Как ни парадоксально, но в отличие от других женщин, использовавших мужские псевдонимы (таких, как Жорж Санд), Дельфина не была связана с феминистским движением и даже испытывала к нему неприязнь. По-видимому, необходимость использовать чужое имя нисколько её не угнетала. Не раз она обрушивается в своих фельетонах на женщин-писательниц, женщин-интеллектуалок и феминизм. Дельфина была искренне убеждена, что истинная задача женщины — нравиться и создавать уют; что воспитанная женщина не должна соваться в мужские дела и что умение хорошо обставить гостиную куда важнее политических прав. В фельетоне от 12 ноября 1844 г. она составляет длинный список вещей, украшающих женщину — помимо умения одеваться со вкусом, воспитанного ребёнка и учтивого мужа, в нём фигурируют “конфетница севрского фарфора, полная конфет; превосходно начищенное серебро; превосходно поданный чай; правильно сваренный кофе по-турецки” (пер. В. А. Мильчиной) и многие другие вещи подобного рода. И в то же время революционный декрет 1848 г., даровавший французам всеобщее избирательное право — но только мужчинам! — вызвал у Дельфины горечь. Её естественное чувство справедливости восстало против того, что любой пьяный лакей получил таким образом преимущество, которого лишены образованные и порядочные женщины из самых лучших кругов.

Политическая арена была не просто во власти мужчин — Дельфине выпало быть современницей таких титанов, как Франсуа Гизо (1787—1874) и Альфонс де Ламартин (1790—1869), столкнувшихся в схватке на этой арене в 1840-е гг.
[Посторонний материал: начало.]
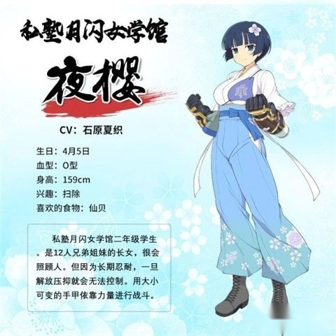 简介:夜樱是私塾月闪女学馆的二年级学生,家里有12个兄弟姐妹,她身为长女,很擅长照顾身边的人。因为平日里习惯了忍耐,所以当她压抑的情绪一旦爆发出来,就容易陷入失控的状态。她战斗时依靠的是能调节尺寸的手甲,凭借着强大的力量来展开对决。

В их тени, под покровом чужого имени, Дельфина занимает единственно возможную для неё позицию — позицию наблюдателя. И то, что для менее независимой натуры стало бы ущербностью, она умело превратила в выгоду. Роль наблюдателя создаёт ту трезвую отстранённость взгляда, которой были так знамениты колонки “виконта де Лоне” и которой так часто не хватало непосредственным участникам общественной жизни.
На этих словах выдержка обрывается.